What matters is the relationship between the speed of the shutter curtains and the rate at which the subject is moving across the film plane. Motion blur will also occur, the amount of which will increase with slit width and subject velocity.
So to get the nice distorted effect, you want to have a very narrow, slowish-moving slit and fast-moving subject. In terms of an SLR, you can tell how fast the slit moves by looking at its flash x-sync speed, since that is the shortest shutter wherein both curtains are open concurrently. Say you have an x-sync of 1/160s, that means it takes about 1/160 for one curtain to open and 1/160 for the other to close and the width of the slit is 1/160 of a second. Run that shutter at 1/1600 and the slit will be about 1/10 of the frame wide and at 1/8000 it will be 1/50th of a frame wide. If you can find a subject that moves appreciably in 1/160 of a second (the total exposure duration), then the distortion will be visible.

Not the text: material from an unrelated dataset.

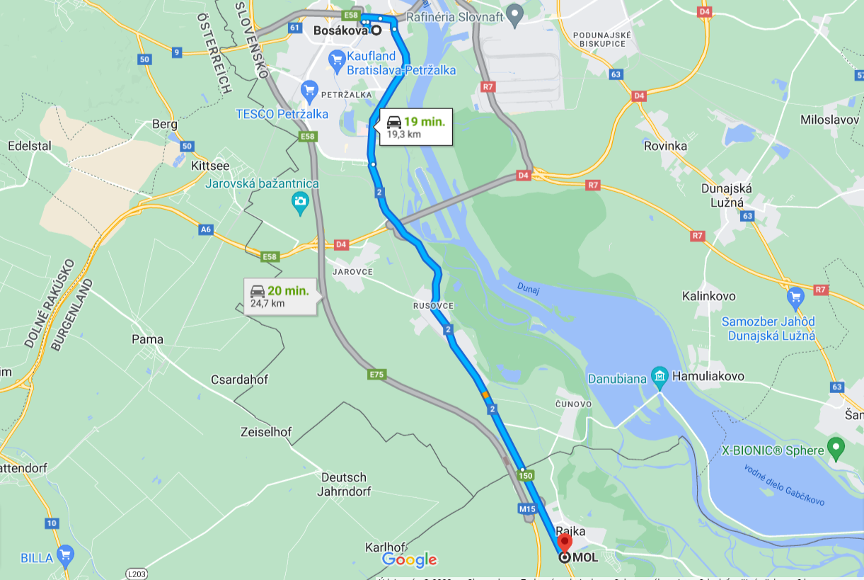 Z Petržalky to máte do Rajky cca 20 minút, ak nejdete v čase najväčších zápch.

If you want to cause the distortion, look for a camera with a really slow - like 1/50s - x-sync speed: at that speed, it takes each curtain 1/50s to traverse the frame. So to get the distortion without too much motion blur, you need a shutter speed of about 1/2500 and a subject that can move an appreciable distance across the frame in 1/50s.
If you want extreme, go buy a (sorry it's not analogue) scanning back

In fact, you could think of the slitted-cloth shutter on the 4x5 as a kind of scanning back... same goes for clockwork pano cameras that expose using a slit.